- _WHAT TO WORK ON_
Pull out of the data below the stretch of lines bounded by the one containing "在疫情冲击下,经济总需求的恢" and the one containing "Informacje dodatkowe: Ostrza", both bounds included, unchanged.

- _MATERIAL SUPPLIED_
___
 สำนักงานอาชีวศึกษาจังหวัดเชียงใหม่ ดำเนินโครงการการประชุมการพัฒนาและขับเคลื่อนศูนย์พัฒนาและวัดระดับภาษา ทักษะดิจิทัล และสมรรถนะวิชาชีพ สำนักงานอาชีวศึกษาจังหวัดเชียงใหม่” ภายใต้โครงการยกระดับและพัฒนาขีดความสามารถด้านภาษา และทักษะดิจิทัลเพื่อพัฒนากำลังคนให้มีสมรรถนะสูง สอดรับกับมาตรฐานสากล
___
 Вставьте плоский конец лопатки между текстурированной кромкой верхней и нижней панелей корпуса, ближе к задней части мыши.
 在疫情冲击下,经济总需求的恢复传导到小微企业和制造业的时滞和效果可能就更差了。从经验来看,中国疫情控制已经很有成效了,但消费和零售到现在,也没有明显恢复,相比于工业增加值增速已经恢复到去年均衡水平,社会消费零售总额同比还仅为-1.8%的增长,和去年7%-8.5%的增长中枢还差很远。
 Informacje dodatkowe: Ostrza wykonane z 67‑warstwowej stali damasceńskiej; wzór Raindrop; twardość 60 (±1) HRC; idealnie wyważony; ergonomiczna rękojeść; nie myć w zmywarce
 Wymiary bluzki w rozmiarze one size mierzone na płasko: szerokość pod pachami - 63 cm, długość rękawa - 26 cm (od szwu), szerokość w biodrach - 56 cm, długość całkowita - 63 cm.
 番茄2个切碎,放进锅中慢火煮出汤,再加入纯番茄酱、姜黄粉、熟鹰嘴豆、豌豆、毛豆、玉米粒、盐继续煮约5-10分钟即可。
___
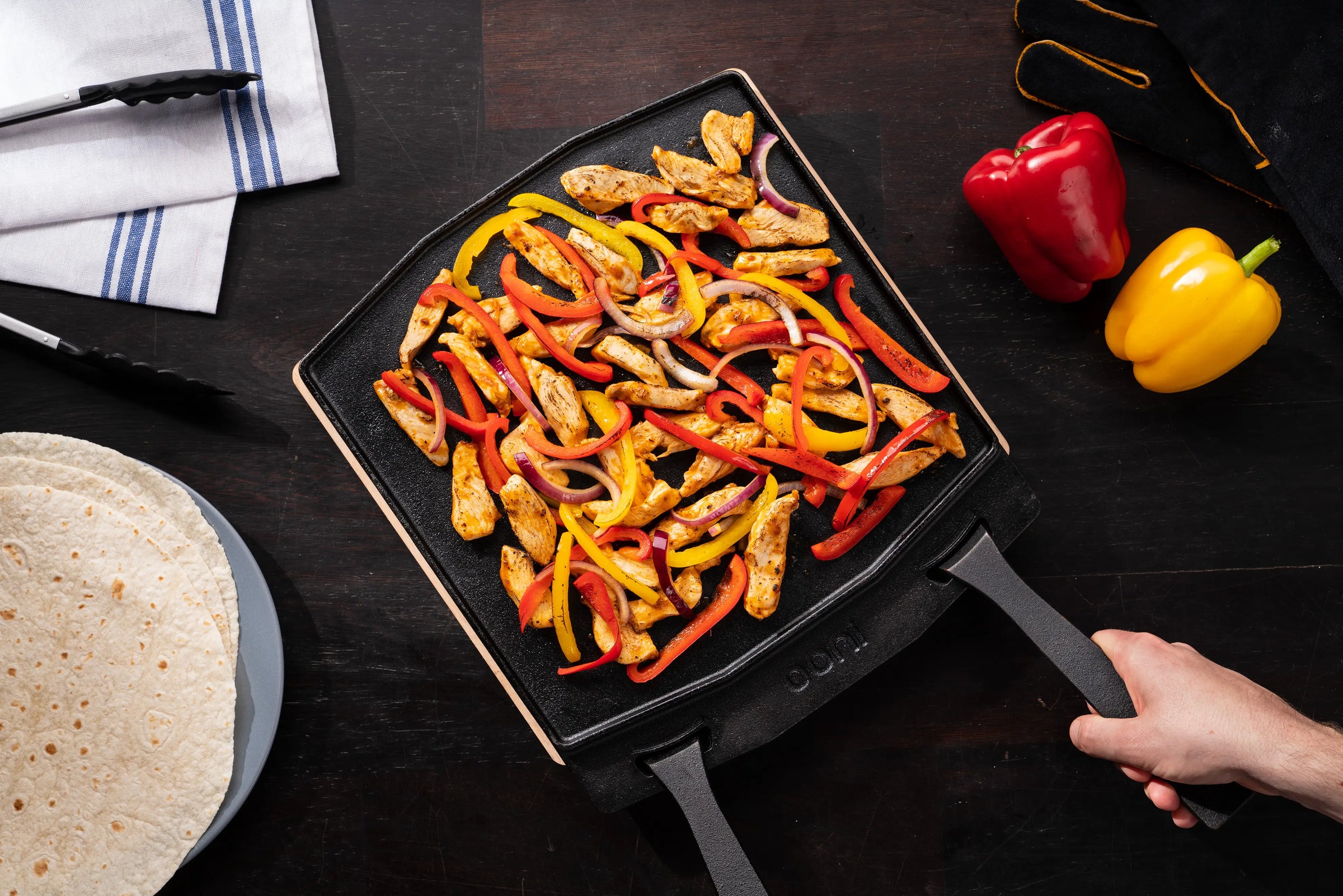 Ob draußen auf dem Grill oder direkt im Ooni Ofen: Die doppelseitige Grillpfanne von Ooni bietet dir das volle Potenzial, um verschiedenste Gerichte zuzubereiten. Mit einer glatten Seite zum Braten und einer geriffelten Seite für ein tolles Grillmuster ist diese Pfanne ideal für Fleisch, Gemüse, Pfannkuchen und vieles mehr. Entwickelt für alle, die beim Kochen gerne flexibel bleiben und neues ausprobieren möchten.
___
- _RESULT_
 在疫情冲击下,经济总需求的恢复传导到小微企业和制造业的时滞和效果可能就更差了。从经验来看,中国疫情控制已经很有成效了,但消费和零售到现在,也没有明显恢复,相比于工业增加值增速已经恢复到去年均衡水平,社会消费零售总额同比还仅为-1.8%的增长,和去年7%-8.5%的增长中枢还差很远。
 Informacje dodatkowe: Ostrza wykonane z 67‑warstwowej stali damasceńskiej; wzór Raindrop; twardość 60 (±1) HRC; idealnie wyważony; ergonomiczna rękojeść; nie myć w zmywarce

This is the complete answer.